Dr. Angela Fitch, a cofounder of the weight-management startup Knownwell and the president of the Obesity Medicine Association, said she feared more companies would scale back their coverage of weight-loss drugs because of high costs, which would leave only wealthy people or those who work for employers with generous benefits able to afford the prescription obesity treatments.
"We are literally setting ourselves back like 10 years because of cost," Fitch said.
Companies don't want to pay for weight-loss drugs because of high costs
Demand for a new class of drugs known as GLP-1 agonists has surged in the past year or so, following the Food and Drug Administration's approval of Novo Nordisk's Wegovy in June 2021. Similar drugs include Ozempic, also from Novo Nordisk, and Eli Lilly's Mounjaro. Ozempic and Mounjaro are approved to treat type 2 diabetes only, but doctors can prescribe them "off label" to help with weight loss.

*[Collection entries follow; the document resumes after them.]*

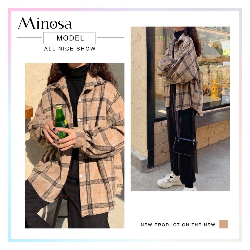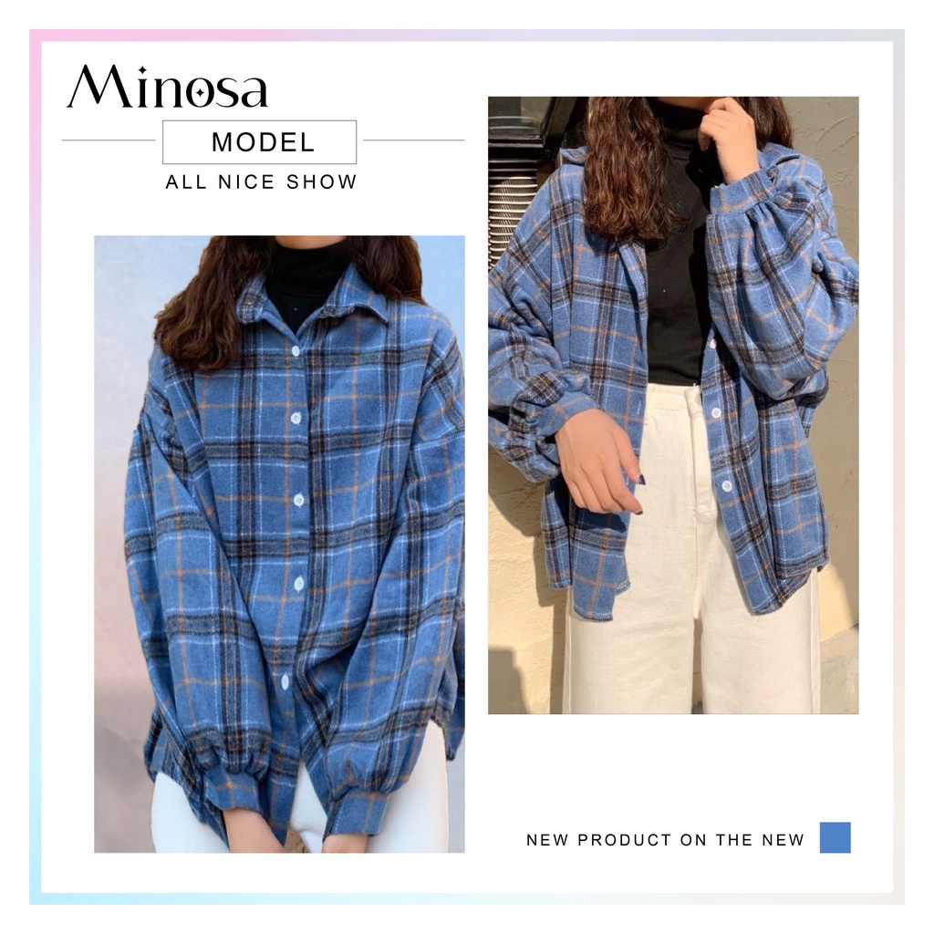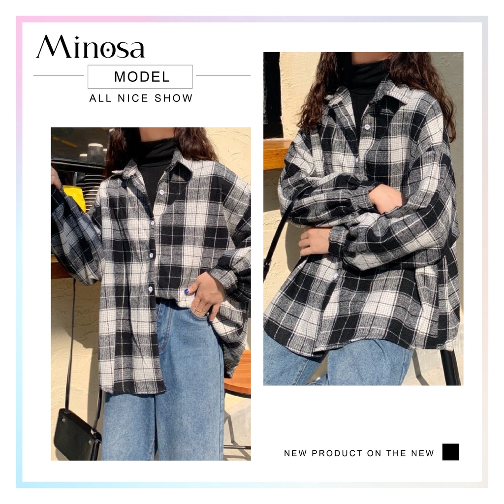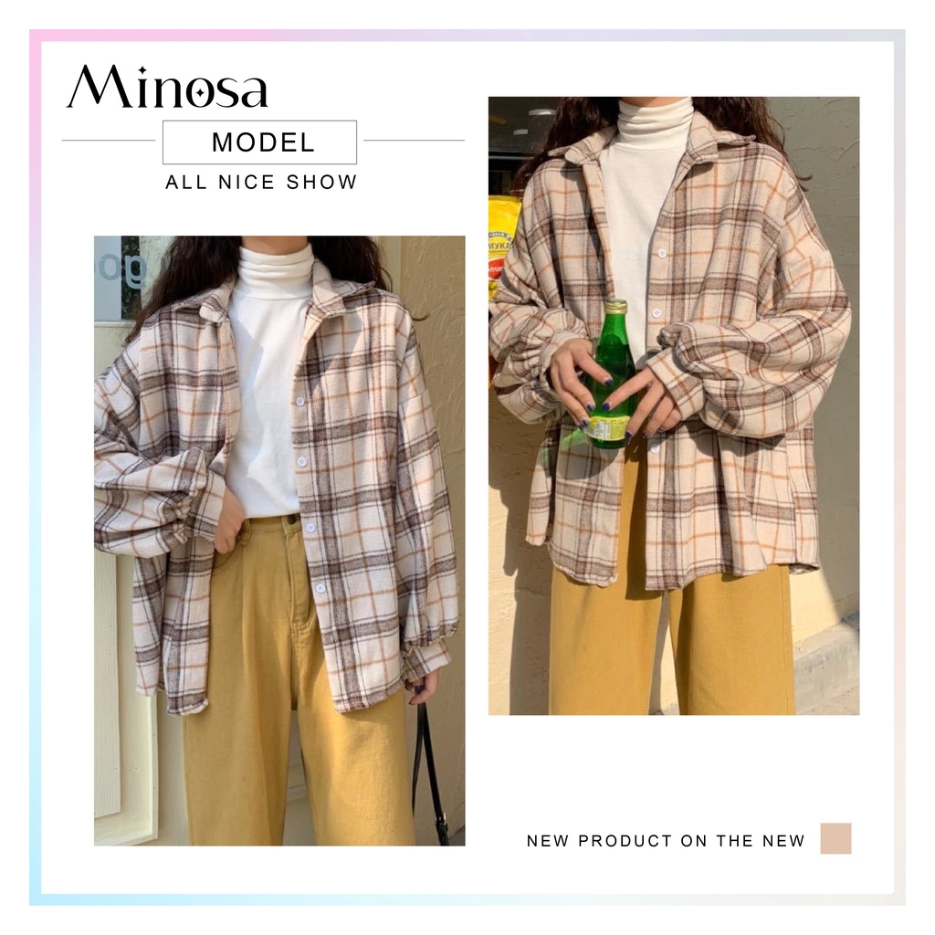 MINOSA Women Retro Vintage Checked Plaid Shirt Loose Casual Oversized Cardigan Top Button Oversize Collar Plus Size S-3X
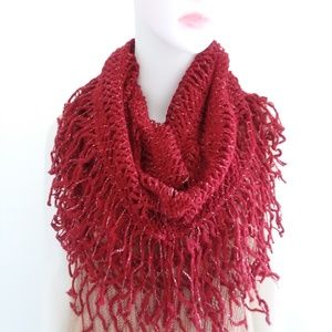 Fringe Infinity Scarf Burgundy with Silver Shimmer
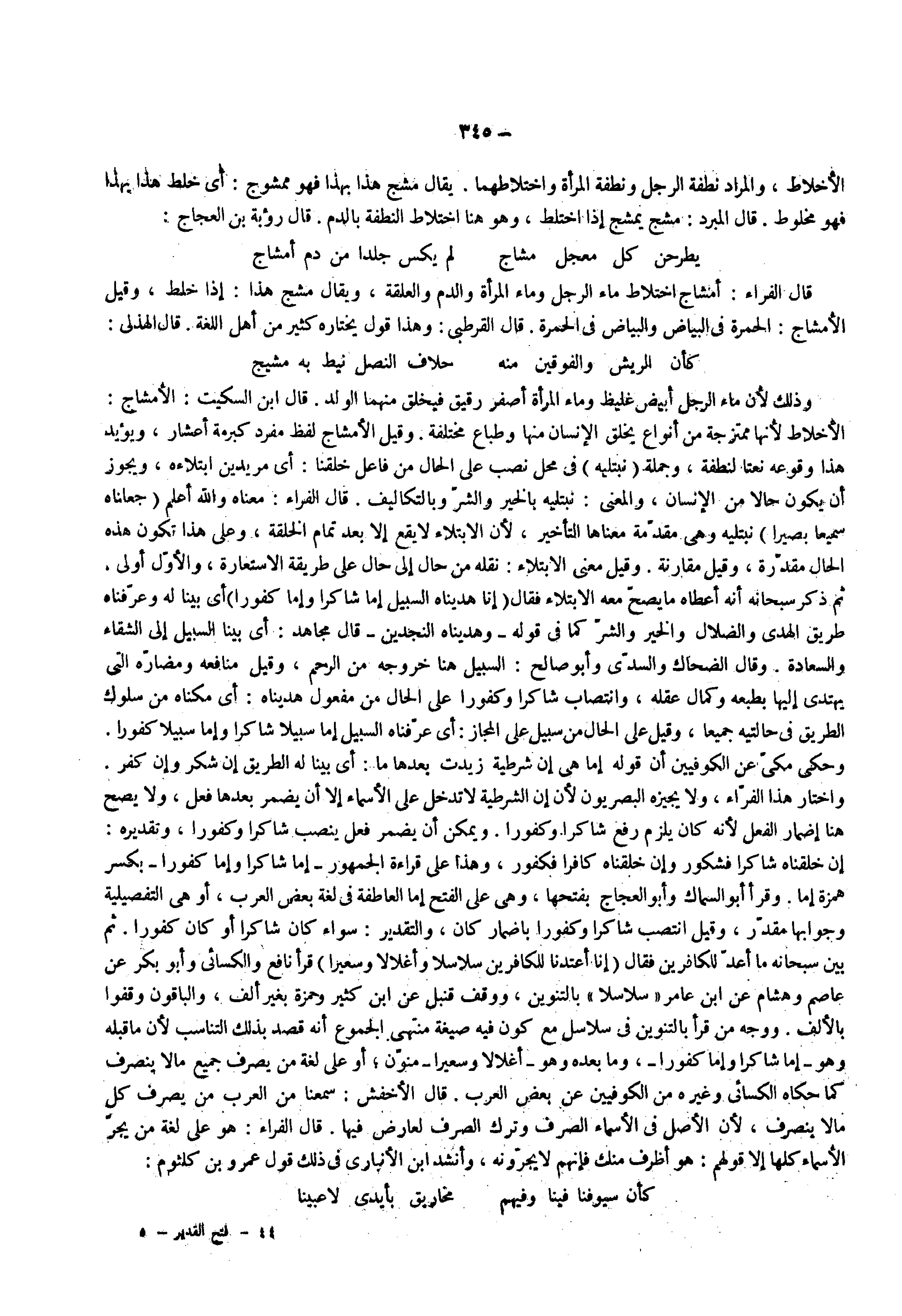قال الفراء أمشاج اختلاط ماء الرجل وماء المرأة والدم والعلقة ويقال مشج هذا إذا خلط وقيل الأمشاج الحمرة في البياض والبياض في الحمرة قال القرطبي وهذا قول يختاره كثير من أهل اللغة قال الهذلي كأن الريش والفوقين منه

About 5.6 million prescriptions were written for GLP-1 drugs for people without diabetes in the first five months of 2023, compared with 7 million prescriptions for all of 2022 and 2.8 million in 2021, according to the data-analytics company Komodo.
But even as prescriptions mount, insurance coverage of the drugs is spotty and not improving. A survey by the Pharmaceutical Strategies Group, which helps companies design their pharmacy benefits, found that 41% of employers polled covered weight-loss medications for their workers.
Tracy Spencer, a leader in the consultancy Aon's pharmacy practice, said many of the employers covering weight-loss drugs today were doing so based on a prior decision to cover older, lower-cost obesity medication. Some of these companies didn't even realize they were paying for expensive options such as Wegovy until they discovered that their costs had increased.
These companies are considering new ways to ensure that only people who qualify for GLP-1 drugs get them, and some are looking at requiring their workers on weight-loss drugs to participate in behavioral-change, diet, and exercise programs, Spencer said.
The cost of covering the drugs is the biggest issue. The shots have high price tags ā they typically range from $900 to $1,300 a month ā and people likely must take them long-term to sustain weight loss. Plus, many people could qualify to take them ā about 42% of American adults have obesity.
Drugmakers insist that companies could save money by covering the drugs because the weight loss spurred by the injections would help their workers avoid grave, costly problems such as heart attacks. But insurers and employers say there's no evidence for that.
The University of Texas System said as much to its workers. Its health plans haven't seen reduced costs for other health conditions from the 3,100 plan members using Wegovy or Saxenda, it said.
"These savings are not being realized due to the excessive cost the drug manufacturer charges for the weight loss medication," UT said.
The UT System added that less than half of its members who were prescribed the drugs kept taking them. Patients who stop taking drugs like Wegovy can regain some or all of the weight they lost.
Changing jobs to get Wegovy coverage
Jenny, the Ascension nurse, said she's desperate to keep taking Wegovy and disappointed that a hospital system that promoted getting and staying healthy would take away something that helped her do that.
Since February, she's gone from 215 pounds to 180. Her blood pressure and cholesterol levels have improved, her back and joints don't ache as much, and she generally feels better about herself, she said.
When Ascension wouldn't pay for her latest Wegovy refill, she found a Novo Nordisk coupon that helped lower her cost to $900 at the pharmacy counter, but that's not a price she can afford to pay every month.
She said she's even considering finding a new employer that would pay for the drug: "It means that much to me that I'm willing to change jobs for it."